Fascinating reading things said about Riviera and Miraflores I have an apartment there and have no issues at all, I have seen worse places in the larger towns where I would not consider living.

Go and have a look is my suggestion and I am not aware of any ongoing problems of the anti-social side etc.


----------



## jojo (Sep 20, 2007)

slatts said:


> Fascinating reading things said about Riviera and Miraflores I have an apartment there and have no issues at all, I have seen worse places in the larger towns where I would not consider living.
> 
> Go and have a look is my suggestion and I am not aware of any ongoing problems of the anti-social side etc.


I'm sure its fine, but it does seem to have a reputation - I think it emanates from a murder a few years ago????

Jo xxx


----------



## kurt85 (May 7, 2013)

Lived in the area for 14 years, same as everywhere really along the coast, there are nicer areas than others, but I wouldnt say its a bad area to live, depends on what you want!!

Certianly nicer than Fuengirola to live in my opinion.

Kurt


----------



## Dunpleecin (Dec 20, 2012)

A former pro boxer was shot yesterday in Marbella. Not sure that's going to affect anyone looking at going there or moving there.
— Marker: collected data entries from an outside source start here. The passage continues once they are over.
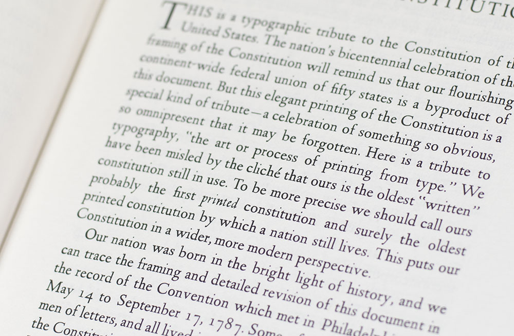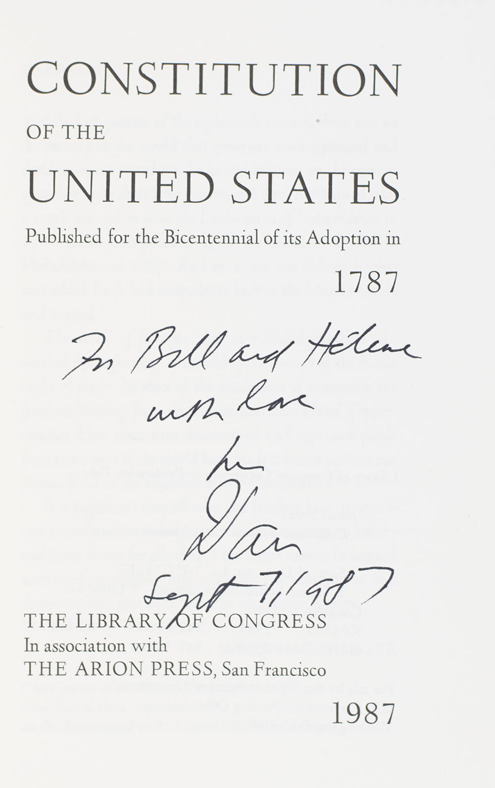 First edition of the Constitution published for the bicentennial of its adoption in 1787. Octavo, original wrappers. Association copy, inscribed by Daniel Boorstin on the title page, "For Bill and Helene with love from Dan Sept 7, 1987." The recipient, William Safire was an important American author, columnist, journalist, and presidential speechwriter and a close friend of the then Librarian of Congress Daniel Boorstin. Safire joined Nixon’s campaign for the 1960 Presidential race, and again in 1968. After Nixon’s 1968 victory, Safire served as a speechwriter for him and Spiro Agnew. He authored several political columns in addition to his weekly column “On Language” in The New York Times Magazine from 1979 until the month of his death and authored two books on grammar and linguistics: The New Language of Politics (1968) and what Zimmer called Safire’s “magnum opus,” Safire’s Political Dictionary. Safire later served as a member of the Pulitzer Prize Board from 1995 to 2004 and in 2006 was awarded the Presidential Medal of Freedom by President George W. Bush. Preface by Warren E. Burger. Introduction by Daniel Boorstin. Also, laid in is a signed letter to Helene Safire from Ruth Boorstin, on their personal letterhead. In near fine condition.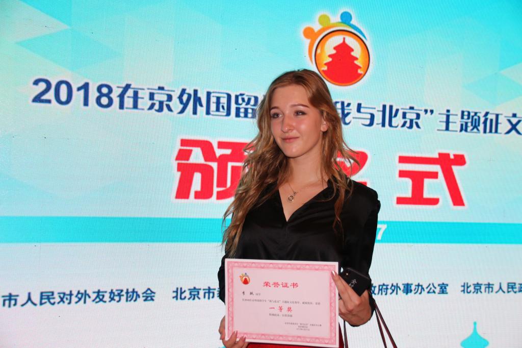 近日,由北京市人民对外友好协会、北京市教育委员会、北京市人民政府外事办公室、北京市人民政府新闻办公室主办的“2018在京外国留学生‘我与北京’主题征文比赛”举行了颁奖式。在27个国家487名在京留学生参加的征文比赛中,我校国经贸专业二年级本科留学生李飒同学的作文《我的中国心》荣获了一等奖,并且在颁奖式上代表获奖者发言。
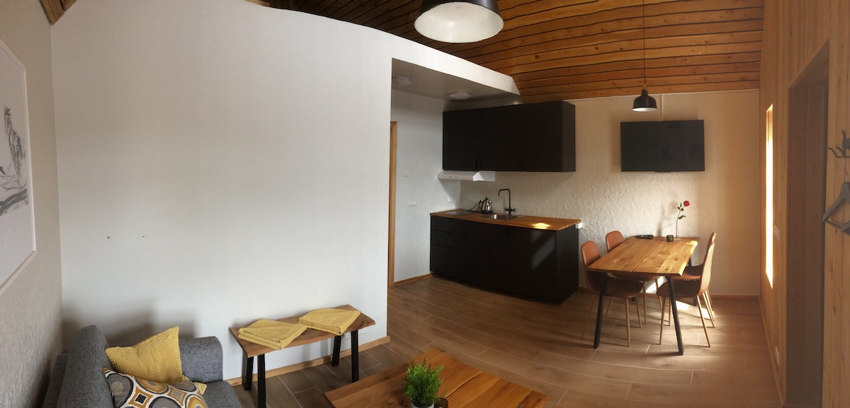 Przytulna, minimalistyczna miniwilla o powierzchni 36 m² dla maksymalnie 2 osób (w tym dzieci w wieku 0–13 lat), zaledwie 2 km od Fjaðrárgljúfur. Z mini willi roztacza się wspaniały widok na góry i pokryte mchem pola lawy. Oferuje sypialnię, nowoczesną łazienkę z prysznicem i w pełni wyposażoną kuchnię z piekarnikiem/kuchenką mikrofalową, zmywarką i lodówką. Wypij poranną kawę z ekspresu Nespresso Citiz, podziwiając spokojny islandzki krajobraz.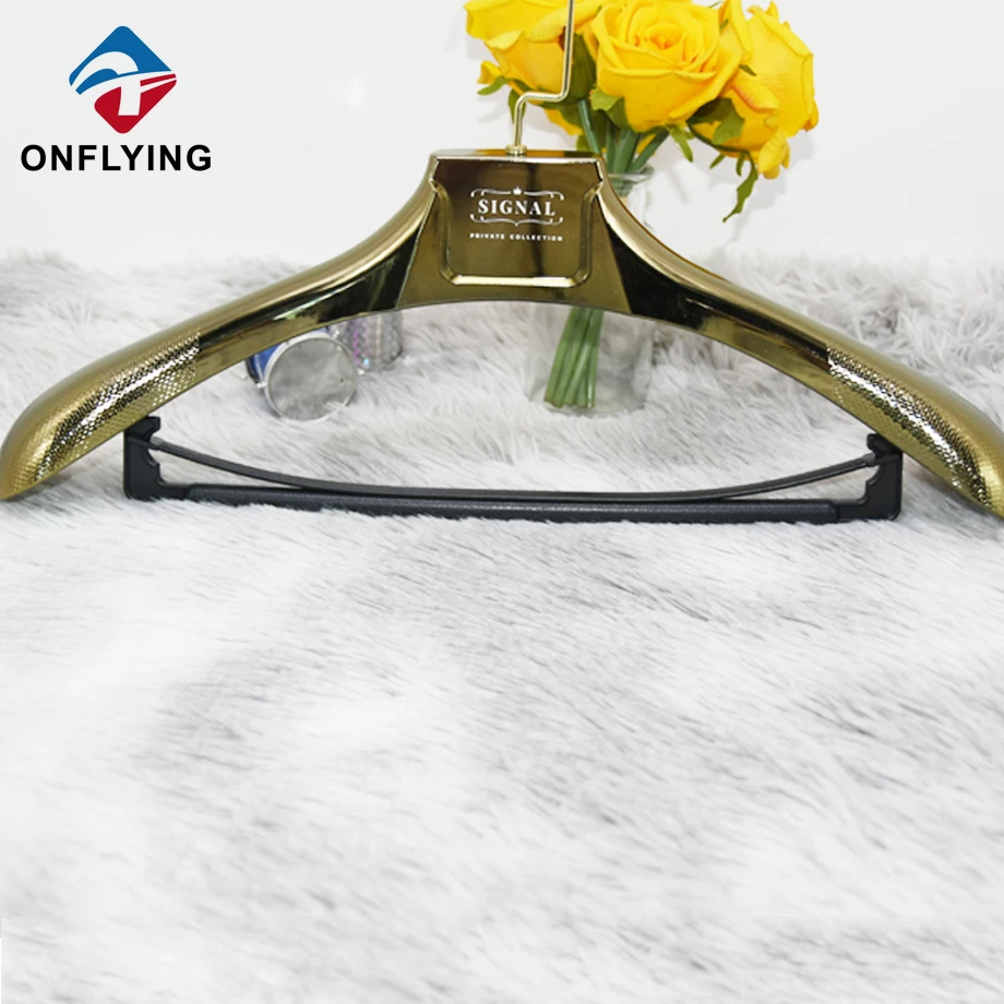 Nous, accessoires de vêtement Onflying Industiral Limited, sommes professionnels Cintres de costume en galvanoplastie, fournisseur chinois.Ces cintres de costume en galvanoplastie personnalisés de luxe à épaules larges et brillants sont destinés au stockage et à l'affichage des vêtements de manteau de costume.

A sadly deceased friend of ours had an apartment in Riviera, it was better than Calahonda that's for sure. A little further east is La Cala de Mijas which is even nicer. Los Boliches is about the best in Fuengirola. Obviously the nearer to Marbella you go, the more expensive. I'm not sure what Estepona is like these days. If you HAVE to be near Marbella, then I suppose the die is cast, but if you went EAST of Malaga, you might find better value as well as a similar journey time to Malaga airport.


----------